PROVIDED MATERIAL:
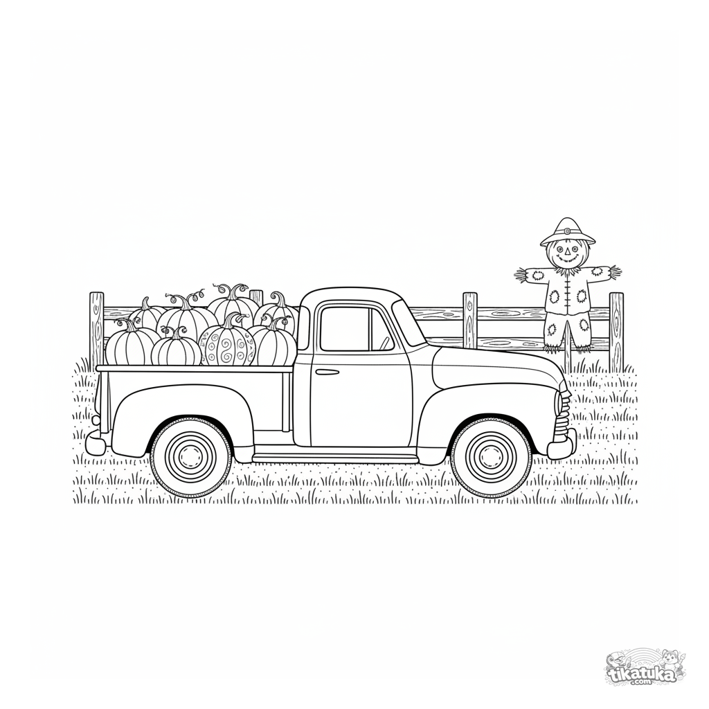 Página para colorir detalhada para meninos 7-12: uma caminhonete vintage desenhada com detalhes, carregada de abóboras, num campo de fazenda. Estilo realista.
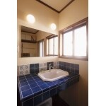 こだわりを貫いた、深いブルーのイタリアンタイルを使用した、オーダーメイドの化粧台です。
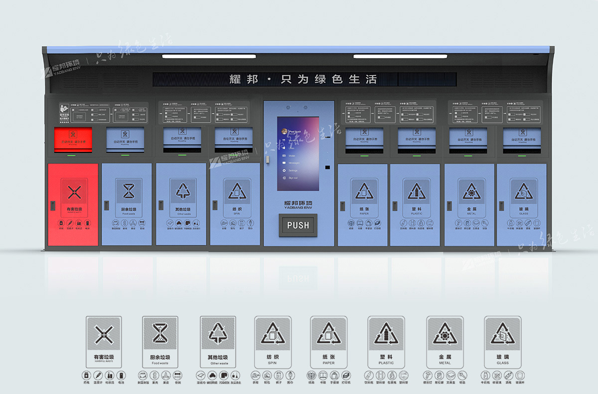 耀邦環(huán)境智能分類設(shè)備內(nèi)置積分兌換機,依托先進的人工智能、大數(shù)據(jù)、物聯(lián)網(wǎng)、云計算等技術(shù),對垃圾分類各環(huán)節(jié)進行智能化管理。

PROBLEM: Exactly repeat every line from the line that includes "こだわりを貫いた、深いブルー" to the end of the listing, and nothing else, leaving pictures out.

RESULT OF THE TASK:
 こだわりを貫いた、深いブルーのイタリアンタイルを使用した、オーダーメイドの化粧台です。
 耀邦環(huán)境智能分類設(shè)備內(nèi)置積分兌換機,依托先進的人工智能、大數(shù)據(jù)、物聯(lián)網(wǎng)、云計算等技術(shù),對垃圾分類各環(huán)節(jié)進行智能化管理。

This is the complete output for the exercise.